The present invention provides a method and apparatus for noise suppression, smoothing a speech spectrum, extracting speech features, speech recognition and training a speech model. Said method of noise suppression is performed by minimum mean-square error estimation, wherein the confluent hyper-geometric function is approximated by a piece-wise linear function, which greatly decreases the computation load while maintains the noise-reduction performance. Moreover, to avoid producing the frequency components of extremely low energy, the present invention smoothes the speech spectrum both in time and frequency axis with geometric sequence weights after minimum mean-square error estimation. Moreover, the present invention balances noise suppression and speech distortion by adjusting the a priori signal-noise-rate.

Description

    CROSS-REFERENCE TO RELATED APPLICATIONS
  • This application is based upon and claims the benefit of priority from prior Chinese Patent Application No. 200610092246.1, filed on Jun. 15, 2006; the entire contents of which are incorporated herein by reference.
  • TECHNICAL FIELD
  • The present invention relates to technology of speech recognition and noise suppression, and technology for smoothing a speech spectrum.
  • TECHNICAL BACKGROUND
  • Prevailing automatic speech recognition (ASR) systems can obtain very high accuracy for clean speech recognition, but their performance will degrade dramatically in noisy environments owing to the mismatch between the acoustic models and the acoustic features.
  • Most of the efforts made for noise robustness issue are concentrated on front-end design, in which the aim is to reduce the mismatch in speech feature space. Minimum mean-square error (MMSE) estimation is a speech enhancement algorithm which can effectively suppress the background noise, and consequently improve the signal-to-noise ratio (SNR) of the input signal. The minimum mean-square error estimation has been described in detail, for example, in the article “Speech enhancement using a minimum mean-square error short-time spectral amplitude estimator”, Y. Ephraim and D. Malah, IEEE Trans. Acoustic, Speech, and Signal Processing, Vol. ASSP-32, pp. 1109-1121, 1984. In the article, Short-Time Spectral Amplitude (STSA) is estimated with the MMSE estimation, and a system which estimates with MMSE STSA is proposed, and this system is compared with the widely used system based on Wiener filter and Spectral Subtraction Algorithm. All of which are incorporated herein by reference.
  • Applying MMSE estimation in front-end is a promising method to improve the robustness. However, three problems need to be solved in above framework.
  • 1. The calculation of confluent hyper-geometric function (calculated by Taylor series accumulation) leads to a huge computation load.
  • 2. Extremely low energy in frequency bands incurred by over-reduction of interfering noise will cause recognition performance degradation.
  • 3. The strategy in MMSE estimation is usually not optimum for speech recognition.
  • SUMMARY OF THE INVENTION
  • In order to solve the above-mentioned problems in the prior technology, the present invention provides a method and apparatus for noise suppression, smoothing a speech spectrum, extracting speech features, speech recognition and training a speech model.

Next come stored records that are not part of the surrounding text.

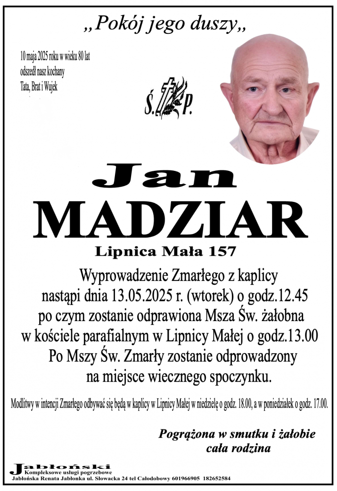 Podhale24.pl zastrzega sobie prawo do nie publikowania wspomnień, w szczególności tych nie związanych z profilem działu nekrologi, zawierających wulgaryzmy, wzywających do zachowań niezgodnych z prawem, obrażających osoby publiczne i prywatne, obrażających inne narodowości, rasy, religie itd, oraz te, bez możliwości telefonicznej lub mailowej weryfikacji ich autora.
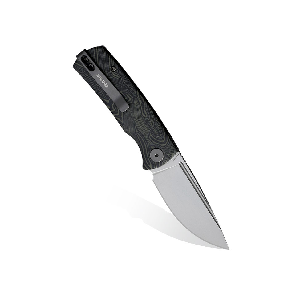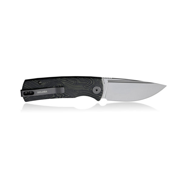 Beluga with a fairly wide blade and a groove located in the upper part of the blade (fuller) and, above all, opening in the form of an front flipper, stands out among other Petrified Fish models. A working drop point blade with a very universal application and Swedish Sandvik 14C28N steel, which is the core of the structure, enhances the utility values of the knife. Beluga is certainly an interesting tool for everyday use, but also a great support for outdoor trips.
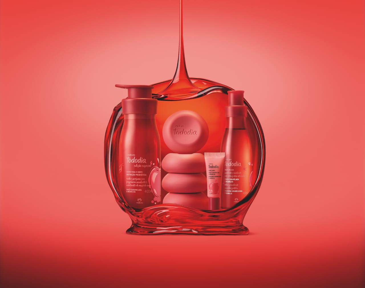 Com fragrância suculenta e envolvente, o novo Tododia Maçã Caramelada e Baunilha transforma a rotina em um momento de bem-estar. Inspirada na maçã do amor, a linha entrega hidratação imediata e duradoura, graças à tecnologia de nutrição prebiótica, que se adapta às necessidades da pele ao longo do dia. Para a executiva, a tendência gourmand ampliou as possibilidades da perfumaria ao integrar ingredientes inspirados na gastronomia em experiências sensoriais completas.
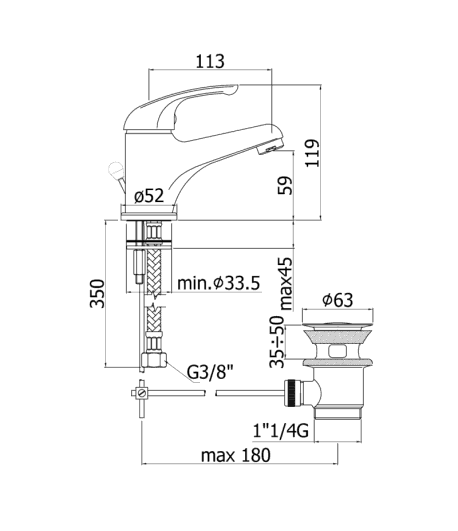 Miscelatore lavabo con scarico automatico e flex inox di alimentazione, bocca 110 mm
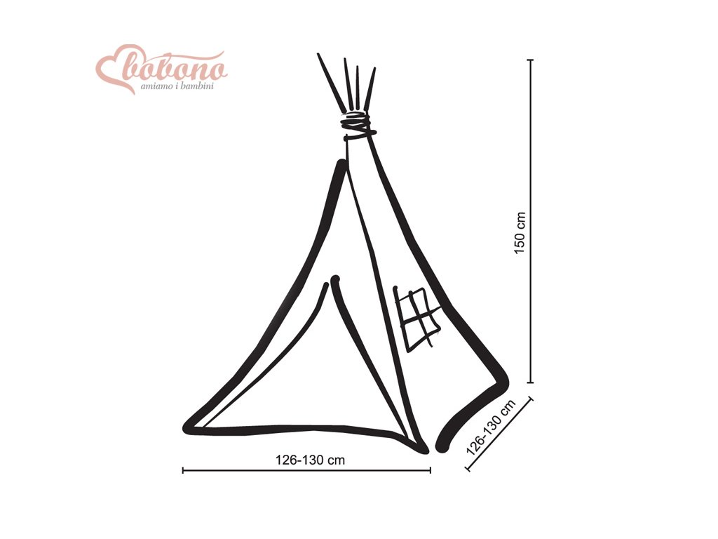 Celková výška Teepee je 150 cm a ve spodní části má dítě velmi velký prostor (průměr spodní části je cca 130 cm). V boční části je okénko se závěsem a i u vchodu do stanu jsou popruhy, které lze uvázat, aby dítě mělo volný průchod do teepee i ven. Když jsou závěsy spuštěny, může být stan dokonalým úkrytem při hraní.
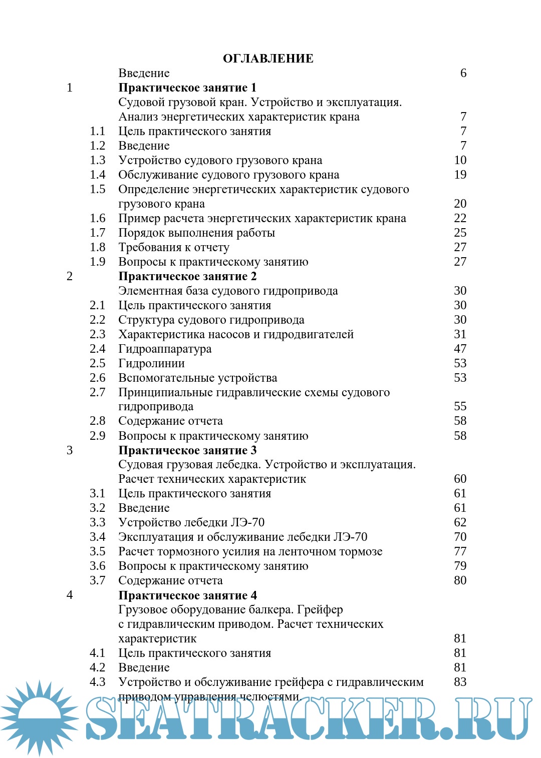 Описание: Рассматриваются конструкция, работа, расчеты основных параметров и основы эксплуатации устройств судна при изучении курса «Технические средства комплексной механизации». Предназначено для студентов очной и заочной форм обучения Севастопольского государственного университета, Морского института, направления подготовки 26.03.01 «Управление водным транспортом и гидрографическое обеспечение судоходства». Выполнение практических занятий направлено на изучение следующих компе-тенций: УК-2. Способен определять круг задач в рамках поставленной цели и выбирать оптимальные способы их решения, исходя из действующих правовых норм, имеющихся ресурсов и ограничений; ПК-4. Способность эксплуатировать оборудование в соответствии с требованиями нормативно-технических документов, правил техники безопасности, производственной санитарии, пожарной безопасности и норм охраны труд; ПК-12. Способность к организации и управлению перевозками грузов и пассажиров с участием водного и смежных видов транспорта, транспортно-логистическими процессами в интегрированных транспортно-технологических системах с участием водного транспорта. Для повышения качества обучения преподаватель имеет право назначать уровень сложности изучения пособия (глубины рассмотрения) в зависимости от личных качеств обучающегося. Для раскрытия понимания обучающимся задач, поставленных в пособии, преподаватель имеет право задавать дополнительные вопросы по существу рассматриваемой темы.
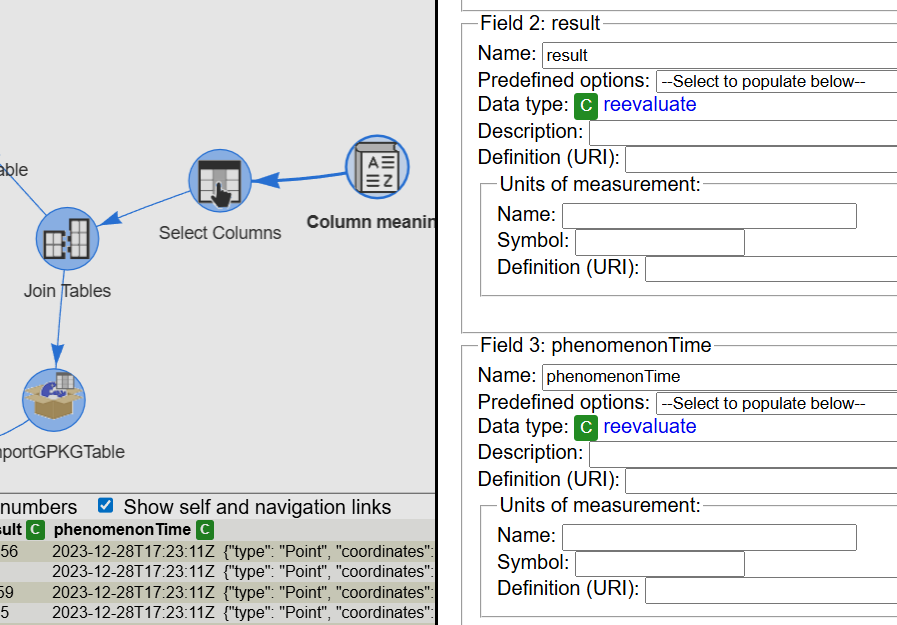 The result has the right content, but the data type of result and phenomenonTime is the intended one. To fix that, the column meaning tool has a reevaluate that will be handy. By pressing the link in both column descriptions, we will get the data types corrected.

  • According to an aspect of the present invention, there is provided a method of noise suppression for a noise-included speech spectrum, comprising: performing minimum mean-square error estimation on the noise-included speech spectrum with a noise estimation spectrum, to reduce noise of the noise-included speech spectrum; wherein the confluent hyper-geometric function is replaced with a piece-wise linear function to perform the minimum mean-square error estimation.
  • According to another aspect of the present invention, there is provided a method of noise suppression for a noise-included speech spectrum, comprising: performing minimum mean-square error estimation on the noise-included speech spectrum with an a priori signal-noise-rate to reduce noise of the noise-included speech spectrum; and adjusting the a priori signal-noise-rate to obtain proper noise suppression.
  • According to another aspect of the present invention, there is provided a method for smoothing a speech spectrum, comprising: calculating a weight average of energies of each spectral component of the speech spectrum and its neighboring spectral components with geometric series weights; and adjusting the energy of the spectral component with the weight average calculated.
  • According to another aspect of the present invention, there is provided a method for extracting speech features, comprising: transforming a noise-included speech to a noise-included speech spectrum; reducing noise of the noise-included speech spectrum by using the above-mentioned method of noise suppression; and extracting speech features from the noise-reduced speech spectrum.
  • According to another aspect of the present invention, there is provided a method for extracting speech features, comprising: transforming a speech to a speech spectrum; smoothing the speech spectrum by using the above-mentioned method for smoothing a speech spectrum; and extracting speech features from the smoothed speech spectrum.
  • According to another aspect of the present invention, there is provided a method of speech recognition, comprising: extracting speech features from a speech by using the above-mentioned method for extracting speech features; and recognizing the speech based on the speech features extracted.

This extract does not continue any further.